WORK INSTRUCTION =
From the first line of the records below, transcribe each line exactly up to and including the one with "全国大豆、豆粕、饲料库存周度走势图(2024年10月第2周)"; pictures stay out.

RECORDS FOR THE EXERCISE =
^^^^^^^^
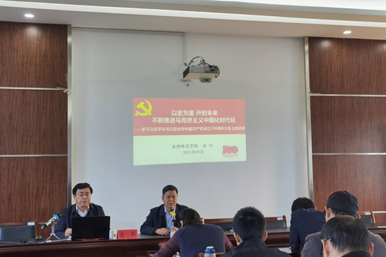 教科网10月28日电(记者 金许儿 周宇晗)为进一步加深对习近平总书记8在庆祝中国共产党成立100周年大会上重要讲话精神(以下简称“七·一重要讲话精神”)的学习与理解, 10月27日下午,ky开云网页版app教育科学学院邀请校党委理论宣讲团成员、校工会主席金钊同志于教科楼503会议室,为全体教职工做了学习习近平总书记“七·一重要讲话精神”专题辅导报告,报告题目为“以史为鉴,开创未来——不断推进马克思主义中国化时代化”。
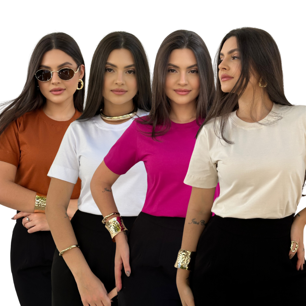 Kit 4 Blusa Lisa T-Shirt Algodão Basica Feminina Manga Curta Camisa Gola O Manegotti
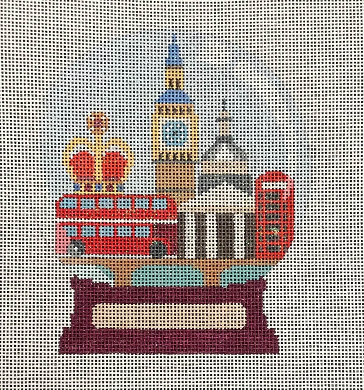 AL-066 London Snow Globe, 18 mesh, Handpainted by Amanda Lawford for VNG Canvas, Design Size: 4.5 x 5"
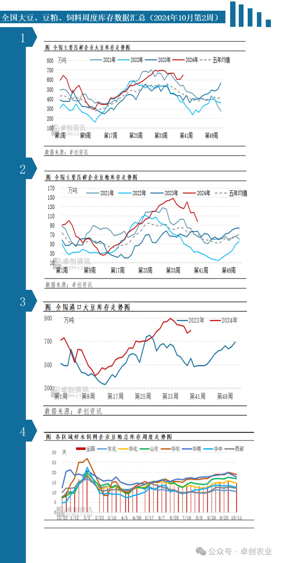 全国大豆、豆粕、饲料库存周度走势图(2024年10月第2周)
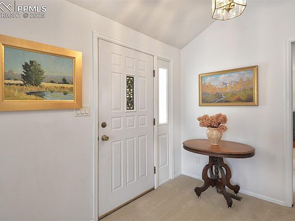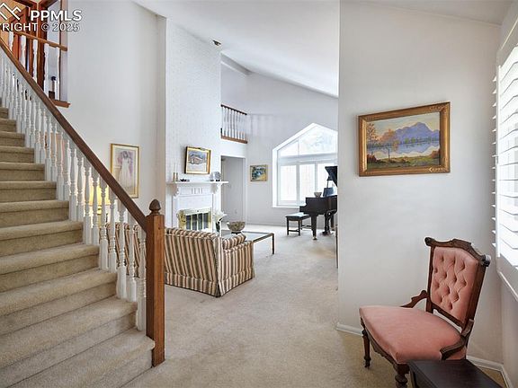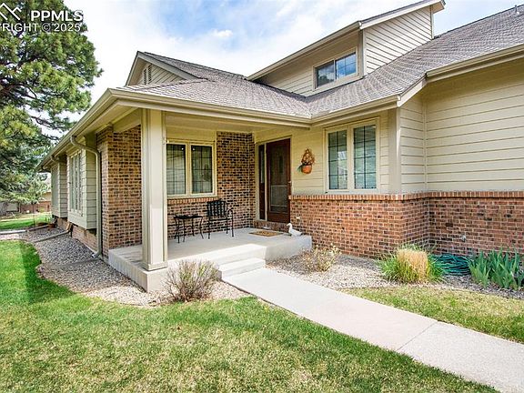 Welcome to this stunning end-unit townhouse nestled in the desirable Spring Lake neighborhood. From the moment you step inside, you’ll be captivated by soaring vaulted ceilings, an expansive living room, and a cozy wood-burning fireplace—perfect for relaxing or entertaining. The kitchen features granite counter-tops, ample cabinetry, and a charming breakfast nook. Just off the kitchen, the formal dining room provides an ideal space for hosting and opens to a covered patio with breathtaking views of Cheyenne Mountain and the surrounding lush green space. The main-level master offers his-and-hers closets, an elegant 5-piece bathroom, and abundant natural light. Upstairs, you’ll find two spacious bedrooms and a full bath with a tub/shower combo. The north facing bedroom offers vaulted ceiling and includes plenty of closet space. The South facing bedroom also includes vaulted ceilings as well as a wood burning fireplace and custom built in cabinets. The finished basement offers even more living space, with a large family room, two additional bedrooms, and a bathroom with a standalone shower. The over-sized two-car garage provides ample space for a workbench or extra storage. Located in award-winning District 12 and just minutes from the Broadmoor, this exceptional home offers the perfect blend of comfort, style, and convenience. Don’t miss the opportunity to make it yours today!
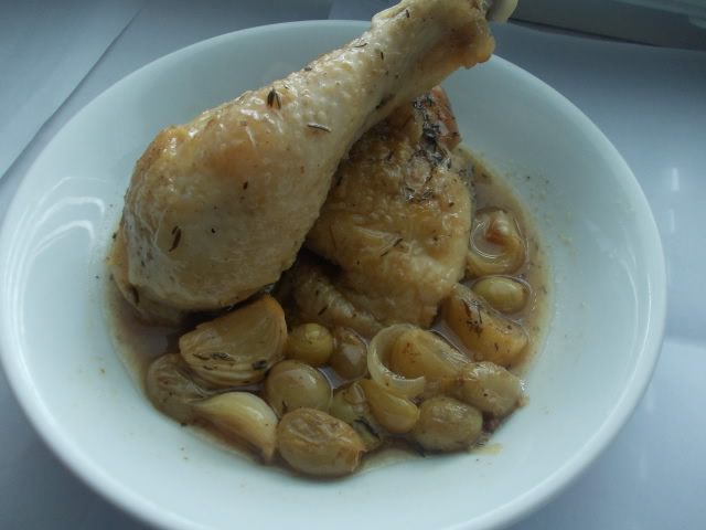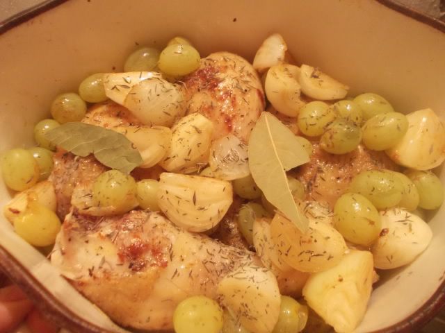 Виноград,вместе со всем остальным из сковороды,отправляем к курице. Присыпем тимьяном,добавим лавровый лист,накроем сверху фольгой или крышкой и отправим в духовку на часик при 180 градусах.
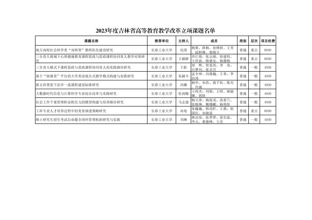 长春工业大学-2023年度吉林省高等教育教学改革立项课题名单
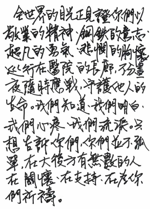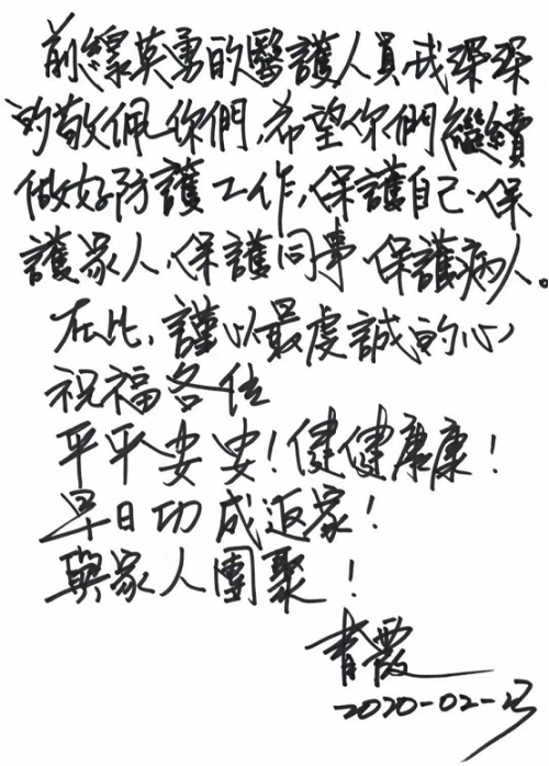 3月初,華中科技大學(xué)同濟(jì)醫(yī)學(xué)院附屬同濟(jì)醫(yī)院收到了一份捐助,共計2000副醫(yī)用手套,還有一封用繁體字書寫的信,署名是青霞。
^^^^^^^^
OUTPUT =
 教科网10月28日电(记者 金许儿 周宇晗)为进一步加深对习近平总书记8在庆祝中国共产党成立100周年大会上重要讲话精神(以下简称“七·一重要讲话精神”)的学习与理解, 10月27日下午,ky开云网页版app教育科学学院邀请校党委理论宣讲团成员、校工会主席金钊同志于教科楼503会议室,为全体教职工做了学习习近平总书记“七·一重要讲话精神”专题辅导报告,报告题目为“以史为鉴,开创未来——不断推进马克思主义中国化时代化”。
 Kit 4 Blusa Lisa T-Shirt Algodão Basica Feminina Manga Curta Camisa Gola O Manegotti
 AL-066 London Snow Globe, 18 mesh, Handpainted by Amanda Lawford for VNG Canvas, Design Size: 4.5 x 5"
 全国大豆、豆粕、饲料库存周度走势图(2024年10月第2周)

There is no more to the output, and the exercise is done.